Logic versus empirical problems and causal processes — Hayek’s revolution

Economists do not understand Hayek.

They simply don’t.

I want here to explain in simple terms what economists don’t get, and what they would grasp if they were to ever understood what Hayek is doing.

Thomas Kuhn explains how roadblocks to explanatory success, and conceptual novelties inspired by explanatory failure, providing new avenues to understanding, open the way to new explanatory strategies and success.

Here is what Hayek does. Hayek identifies roadblocks to explanatory success in economic science, and then he recasts the explanatory problem and explanatory strategy of economics to overcome these roadblocks. He achieves a new understanding of the science of economics which solves old problems and puts is on a secure logical foundation.

If we think about how economist have locked themselves into a titanium box inherited from an old tradition of what “knowledge” demands and what “science” must look like, then we can grasp why economists haven’t yet begun to see what Hayek has achieved.

To get from the current state of non-understanding to a position of understanding, we need to sketch out a few things, and then show how they are related to one another.  We need to sketch out the old picture of what “knowledge” and “science” must be, and how that formed into a powerful central dogma. We need to identify the roadblocks to explanatory coherence and success which economics faced over the last century, and how those problems came to a head in the work of Friedrich Hayek on prices, production goods, trade cycle dis-coordination, and in the economics of socialism. We need to talk about how the false dogma of what “knowledge” and “science” demand has shaped economics, and how that dogma contributed roadblocks to explanatory coherence and success in economics.  Finally, we need to show how Hayek overcame these roadblocks to explanatory success my recasting the explanatory problem and explanatory solution set in economic science, braking away from old fallacies and dogmas once set in concrete among economists and philosophers.

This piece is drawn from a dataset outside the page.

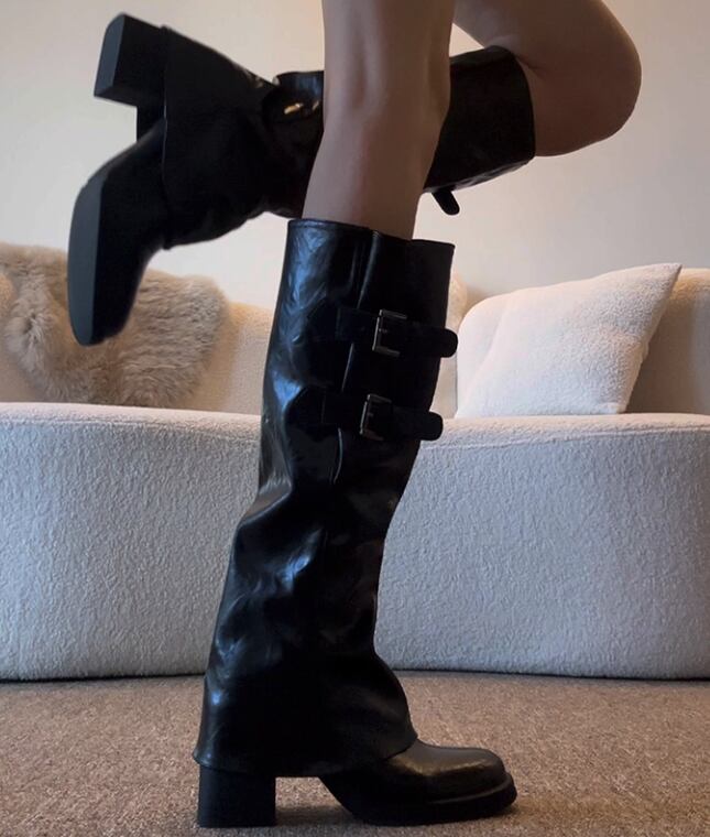 スクエアトゥと膝下丈が、スタイリッシュな印象を与えるブーツ。

Here is what we are going to learn.

We are going to learn that Hayek’s research project was dominated by a closely related set of conceptual problems, all of which had been running into conceptual roadblocks. Among other thinks, Hayek was working on extending the pure logic of choice, also known as the pure calculus of marginalist valuation, from the case of multiple consumption goods to the case go multiple production goods. Hayek was also working on the problem of using the pure logic of choice to understand what is happening when the economy cycles from boom phases to bust phases. Closely related to both problems, Hayek was working on the problem of using the calculus of marginalize valuation to rethink what classical economists had said about the distribution of income and the nature of money and interest, problems which were interrelated through pre-marginalist theories of profit, interest, and capital.

We are going to learn that the a false image of “knowledge” and “science” dominates the imagination of economists, a false image derived from 19th century German economists and philosophers, ultimately grounded in false ideas derived from the Greeks.  Hayek challenges and smashes this false image, combining his revolutionary work in neuroscience and epistemology with insights derived from David Hume, Carl Menger, Karl Popper, and Ludwig Wittgenstein, among others.  Hayek marshals his new thinking in a process of re-casting the explanatory problem and explanatory mechanisms of economics, making use of a constellation of new ideas and forgotten explanatory achievements from the past.